Die letzten Zeugen - Das Buc

HANNA COHEN


 
 

HANNA COHEN

(früher Tislowitz)
geb. 1929-12-19
lebt heute in Israel


Diese Geschichte wurde im Projekt "Die Letzten Zeugen" erstellt.

Hanna Cohen kam im Mai 2008 zu Besuch nach Wien. Im Rahmen des Projekts "A Letter To The Stars 38/08" besuchte sie die Schüler und Schülerinnen des Schulzentrums Ungargasse in Wien.
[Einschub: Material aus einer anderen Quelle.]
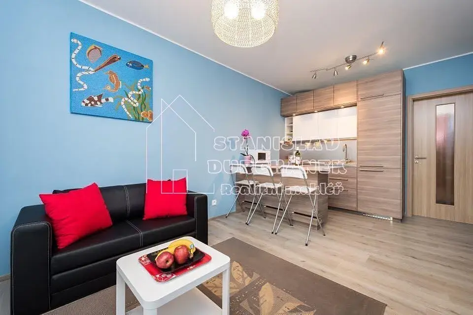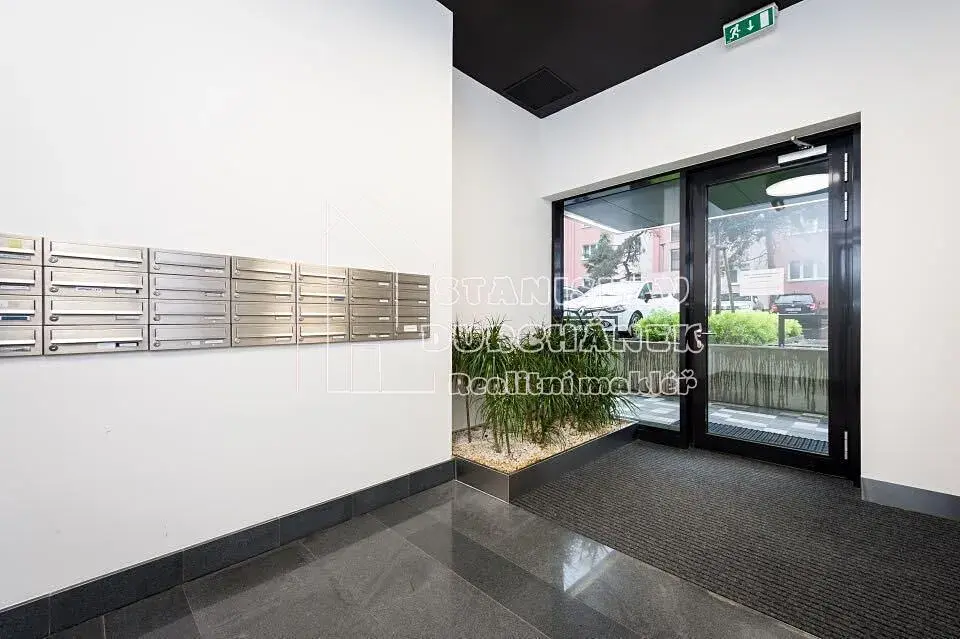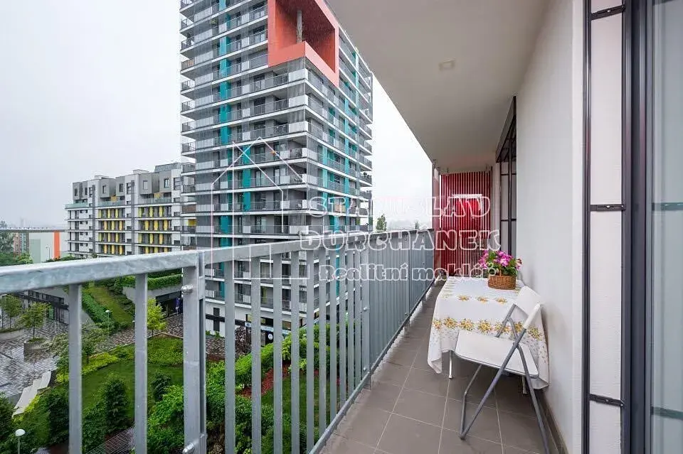 Prostor je situován v 5. podlaží osmipodlažního domu z r. 2016. Nabízí jako vybavený nábytkem a spotřebiči (viz foto). Okna a lodžie jsou orientovány na východ.

Wieviel Glück es brauchte, um zu überleben

Dr. Gerhard Tanzer und die 4BHITN über den Besuch von Hanna Cohen

Frau Hanna Cohen war mit einer ihrer Enkelinnen im Rahmen des Einladungs-Projekts von „A Letter To The Stars“ von Jerusalem nach Wien gekommen.

Am 7. Mai erzählte sie vor über 100 interessierten SchülerInnen des Schulzentrums Ungargasse aus ihrem Leben.

Die Bedenken, dass eine bald achtzigjährige Frau, ungewohnt vor einem so großen Publikum zu sprechen, dem Vorhaben nicht ganz gewachsen sein könnte, zerstreuten sich bereits mit ihren ersten Worten. Auch ihre eigenen Befürchtungen schwanden schnell, dass sie vielleicht nicht gut genug Deutsch könnte, weil es  auf „Volksschulniveau“ stehengeblieben sei.

Könnten doch nur alle unsere Schüler so gut formulieren wie diese Frau, die es verstand, die Zuhörerinnen in ihren Bann zu ziehen – und zwar ohne ein Mikrophon zu benötigen! Ihre hervorragenden Deutschkenntnisse sind unter anderem, so erzählte Frau Cohen, der intensiven Beziehung zu danken, die die Familie zur deutschen Kultur pflegte.

So drängte ihre Mutter darauf, dass sie vor ihrer Abreise nach Palästina noch die Wiener Museen besuchte, da sie nicht abschätzen konnte, wann je wieder eine Gelegenheit dazu sein würde, und noch in der neuen Heimat vertraute sie auf den Bildungswert der deutschen „klassischen“ Dichter, wie Schiller und Goethe.

Als neunjähriges Mädchen erlebte Hanna Cohen in Wien die Machtergreifung durch die Nationalsozialisten und die damit verbundenen Demütigungen mit – die schon lange erfolgte Integration in die Wiener Gesellschaft spielte dabei gar keine Rolle.

Da ihre Familie die polnische Staatsbürgerschaft besaß, war sie zwar von den antijüdischen Maßnahmen vergleichsweise nicht so stark betroffen, konnte aber dennoch aus der Erinnerung sehr lebendig die Atmosphäre der Angst schildern, in der sie als Wiener Jüdin leben musste, beginnend mit dem erzwungenen Wechsel an eine andere Schule.

Sie machte auch deutlich, wie viel Glück eine jüdische Familie in dieser Zeit brauchte, um zu überleben.  Frau Cohen entschied sich mit ihrer Familie für die Auswanderung nach Palästina, wo eine Schwester ihrer Mutter wohnte – entgegen dem Ratschlag der polnischen Geschwister des Vaters, zu ihnen zu ziehen – das hätte höchstwahrscheinlich ihren Tod bedeutet, überlebte doch niemand von jenen.

In Israel hat sich Frau Cohen mit ihrer Familie eine Existenz aufgebaut; wir erlebten sie als politisch interessierte Frau, was auch die Gelegenheit ergab, ein bisschen über die israelische Politik zu sprechen. Sie machte dabei deutlich, dass es für jemand, der nicht in diesem Land lebt, sehr schwierig ist, sich ein zutreffendes Bild von den politischen Konflikten zu machen und warnte davor, sie einseitig darzustellen.

Die zahlreichen Fragen aus dem Publikum zeigten, dass den  Zuhörenden bewusst war, dass wir nur mehr selten Gelegenheit haben werden, authentische Erzählungen von Zeugen dieses inhumanen Abschnitts der österreichischen Geschichte zu hören. Wir hoffen, dass Frau Cohen noch öfter Gelegenheit haben wird, ihr Wissen und ihre Erfahrungen an Nachgeborene weiterzugeben. Denn Betroffenheit über die schrecklichen Ereignisse der Vergangenheit ist der erste Schritt, eine Wiederholung, in welcher Form auch immer,  nie mehr zuzulassen.